Mind your language

Special status

25 February 2016

3:00 PM

25 February 2016

3:00 PM

‘Special status?’ said my husband. ‘You mean like executioners, butchers and undertakers in Japan?’

I hadn’t suggested that, but had been thinking aloud about the phrase which, according to David Cameron, now describes Britain’s position in Europe: special status.

My husband once went to Japan, which, he thinks, makes him an expert. He learnt about the ancient monkey performances given by people called Burakumin, a sort of untouchable. Apart from performing with monkeys, which was banned in the 20th century, they have been associated with unclean trades such as those he mentioned.

Special, as I have remarked before, is slippery. The special relationship between Britain and America has at times been highly valued. In 1986, as Charles Moore notes in the latest volume of his biography, Margaret Thatcher insisted: ‘Special means unique, unique to Britain and the United States.’ Is that what Britain has, within the EU? Or is it like the ‘special status’ that Jammu and Kashmir have in the Constitution of India? Or perhaps like the varieties of special status recognised (retrospectively) for the Danelaw in Anglo-Saxon England or for the People of the Book in Islamic polity.
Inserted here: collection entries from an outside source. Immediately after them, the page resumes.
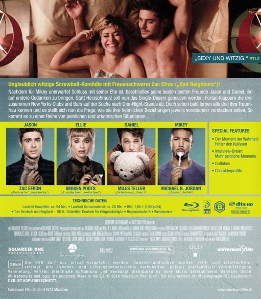 Nachdem für Mikey unerwartet Schluss mit seiner Ehe ist, beschließen seine beiden besten Freunde, der draufgängerische Jason und der beziehungsscheue Daniel, ihn auf andere Gedanken zu bringen. Der Plan ist so simpel wie einleuchtend: Statt Herzschmerz soll nun das Single-Dasein genossen werden. Männerfreundschaft und Partys sind ab sofort der Fokus in ihrem Leben, auf eine ernsthafte Beziehung wollen sie sich nach all den Enttäuschungen nicht mehr einlassen. Fortan nutzen sie die Freiheit der Ungebundenheit und klappern New Yorks Clubs und Bars auf der Suche nach One-Night-Stands ab. Doch bald schon lernt Jason die charmante Ellie kennen und beginnt – ganz gegen seine Art - Gefühle für sie zu entwickeln. Als sich herausstellt, dass auch Daniel und Mikey sich in ihre jeweiligen Traumfrauen verguckt haben, stellt sich für die drei Freunde die Frage, wie es mit ihren jeweiligen Beziehungen weiter gehen soll, aber noch viel wichtiger: wie sie die heimliche Beziehung jeweils voreinander verstecken. Nicht nur deshalb kommt es dabei zu einer nicht enden wollenden Kette von peinlichen aber urkomischen Situationen.
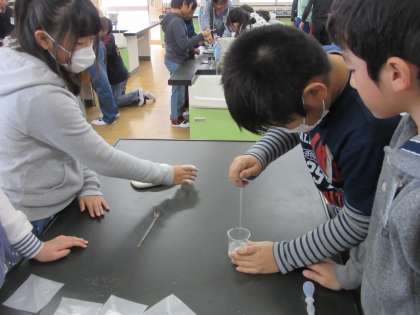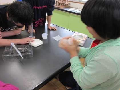 食塩が水に溶けるとどうなるのか、限りなく溶けるのかなど実験をして確かめました。
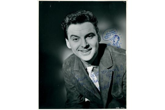 Signed black and white photograph of the late entertainer and comedian Bob Monkhouse
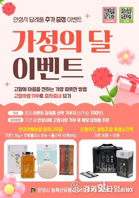 [경기핫타임뉴스=김삼영 기자] 안성시는 오이데이와 5월 가정의 달을 맞아 고향사랑기부제 참여 확대와 지역 농산물 소비 촉진을 위해 ‘오이데이 이벤트’와 ‘가정의 달 이벤트’를 추진한다고 밝혔다.
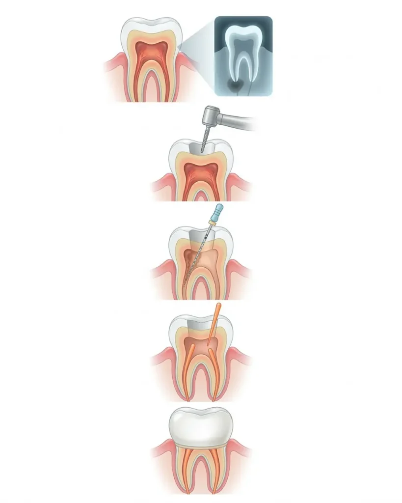 عندما يصاب اللب بالالتهاب أو العدوى، يصبح علاج الجذور ضروريًا للحفاظ على السن.
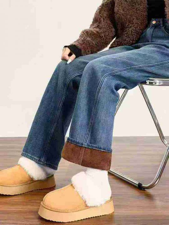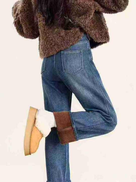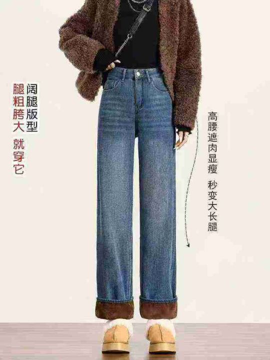 ☕️复古蓝加绒加厚直筒阔腿牛仔裤女冬季保暖高腰显瘦...
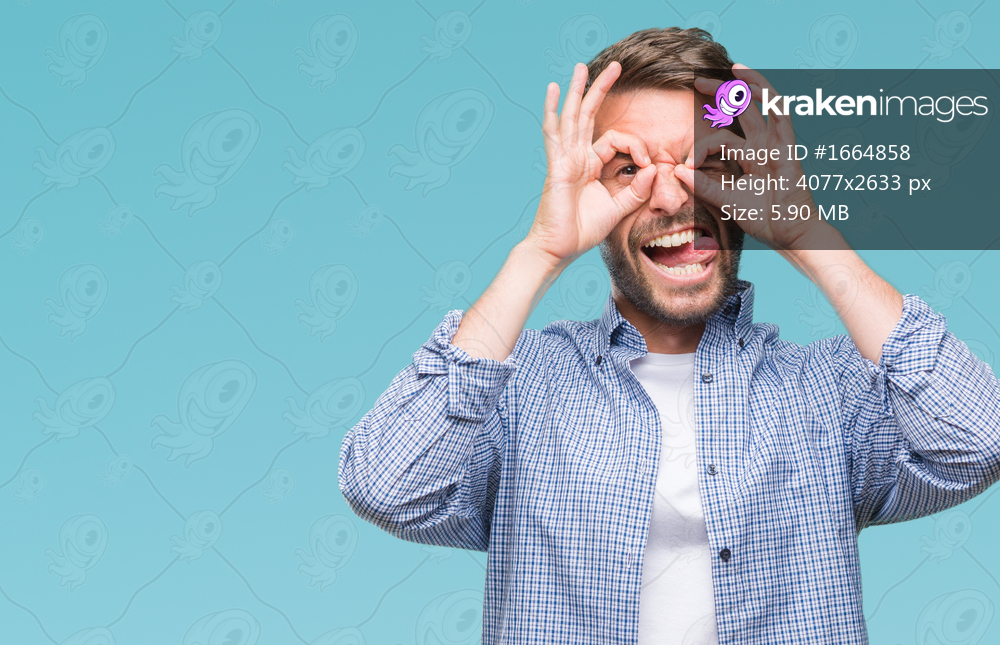 Young handsome man wearing white t-shirt over isolated background doing ok gesture like binoculars sticking tongue out, eyes looking through fingers. Crazy expression. - Kraken Images
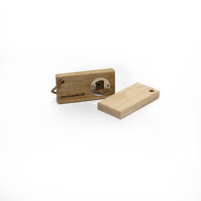 Deze Eikenhouten flesopener is handgemaakt.
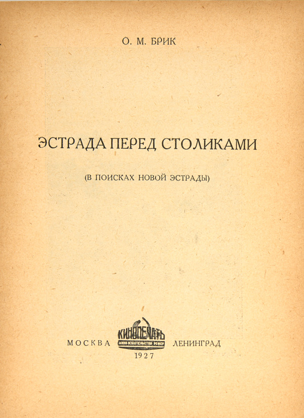 Брик, О. Эстрада перед столиками (В поисках новой эстрады). М.; Л.: КИНОПЕЧАТЬ, 1927.

Special is used as a word that confers agreeable qualities. Magazines bring out special issues; the Six-Five Special’s steamin’ down the line. Special offers sound cheaper. Breakfasters eat Special K; Chinese-restaurant diners eat special fried rice.

Yet special may be a euphemism, as with special clinics for treating venereal disease. Schools are put into special measures. Some are already special schools, which may be good or bad. Special forces, if they are ours, are reckoned good and brave. The FBI had special agents; Harris Tweed in the Eagle was an Extra Special Agent.

A glory of 21st-century British politics is the special adviser. Some are larval forms that transmute into an imago as an MP. The Milibands are examples. Others seem fully formed, such as Ed Llewellyn, the Downing Street chief of staff. Last year he became a Privy Councillor, of which there are now more than 500. But to be one is still quite special.